Le Comité pourrait donc souhaiter réitérer avec insistance sa demande aux autorités de se prononcer sur les préoccupations exprimées à propos du nouveau recours, notamment par le Conseil national des barreaux, le Syndicat de la magistrature, la CNCDH et le CGLPL. Il pourrait aussi inviter les autorités à lui faire parvenir un maximum d’exemples concrets de son utilisation, en précisant les délais et les résultats obtenus en pratique.
(iii) Conclusion
Au regard du caractère structurel et ancien des problèmes en question, le Comité pourrait souhaiter inviter les autorités à lui fournir des informations actualisées d’ici la fin du mois de septembre 2023.
Financement assuré: OUI |
[1] Ce recours revêt, dans son principe, un caractère effectif (Barbotin c. France, n° 25338/16, arrêt définitif le 19 février 2021, § 55).
[2] Rapport du Comité des États généraux de la justice (octobre 2021-avril 2022), voir les pp. 57 et suivantes et les pp. 204 et 205.
[3] Comme le recensement des possibilités de libération anticipée, de placement sous ARSE, de contrôle judiciaire ou de remise en liberté, etc.

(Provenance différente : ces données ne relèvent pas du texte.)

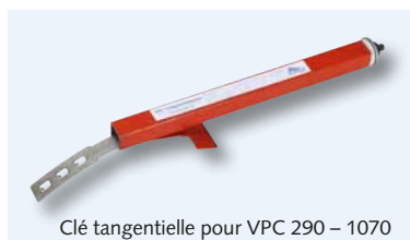
Clé tangentielle pour VPC 290 – 1070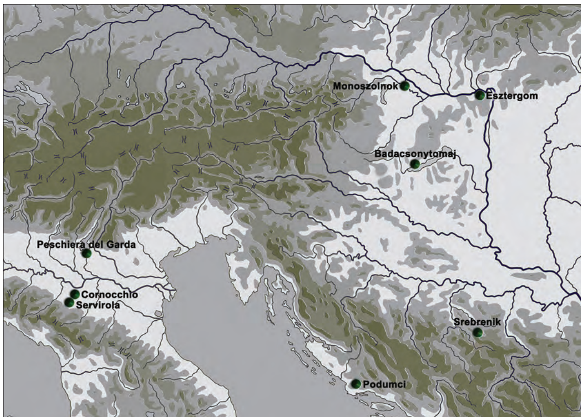
Sl. 6. Rasprostranjenost fibula u obliku violinskog gudala tipa Unter-Radl – Podumci (nadopunjeno prema Pabst 2014)

Ponajprije izdvajamo sjekiru s prema tjemenu podignutim zaliscima tipa Haidach, 10 karakterističnu za stariju fazu kulture polja sa žarama u sjevernijim ostavama alpske i južnapanonske regije (Sl. 5, 1). 11 Zatim, tu je mali ulomak ruko-hvatne ploče, visoko postavljenih ramena, s jednom zakovicom i sa sačuvanim utisnutim ukrasom spirale, usporednih linija i punciranih točkica (Sl. 5, 4). S obzirom na te elemente približavamo ga mačevima s punokovinskom drškom s tri rebra, ili tipu Erlach (Erding) ili tipu Schwaig, 12 koji će u oba primjera predstavljati do sada njihov najjužniji nalaz. Prvi je nalaz i ulomak noža jezičaste drške, koji uspoređujemo s noževima tipa Matrei – Mühlau (Sl. 5, 9). 13 U tipološkom

Un tel dispositif a déjà été expérimenté dans certains ressorts judiciaires à l’occasion de la crise du covid-19.
[4] A priori, seulement deux requérants : C.N. et A.T. (E.R. aurait été libéré le 28/02/2022 et G.T. serait arrivé en fin de peine le 03/08/2022).
[5] CPT/Inf(2021)14, en particulier les §§ 41 à 43.
[8] Entre le 30 septembre 2021 et 2022, les peines entre six mois et un an ont augmenté de 8 187 à 8 337 ; celles entre un an et deux ans de 10 636 à 11 567 (or, la LPJ a supprimé la possibilité de les aménager ab initio) et ; celles entre deux et cinq ans de 10 947 à 12 309.
[9] Les peines entre cinq et dix ans ont augmenté de 5 739 à 5 808 ; celles entre dix et 20 ans de 6 261 à 6 498 ; celles entre 20 et 30 ans de 1 783 à 1 873 et ; les peines de réclusion à perpétuité sont passées de 467 à 471.
[10] Rapport SPACE I 2021 du Conseil de l’Europe (6 avril 2022) : le 31 janvier 2021, la France était parmi les Etats membres à avoir un taux élevé de prisonniers en détention provisoire (28,5 %). En revanche, son taux d’incarcération (92,9 %) restait dans la moyenne européenne.
[11] Voir CPT/Inf(2021)14, page 32 et « Espace vital par détenu dans les établissements pénitentiaires : Normes du CPT », CPT/Inf(2015)44.
[12] Pour rappel, une violation de l’article 13 avait déjà été constatée dans l’arrêt Yengo c. France, n° 5049/12, définitif le 21 août 2015.
[13] Il convient de souligner que le délai initial de 10 jours a été ramené à sept jours par la loi précitée du 22 décembre 2021.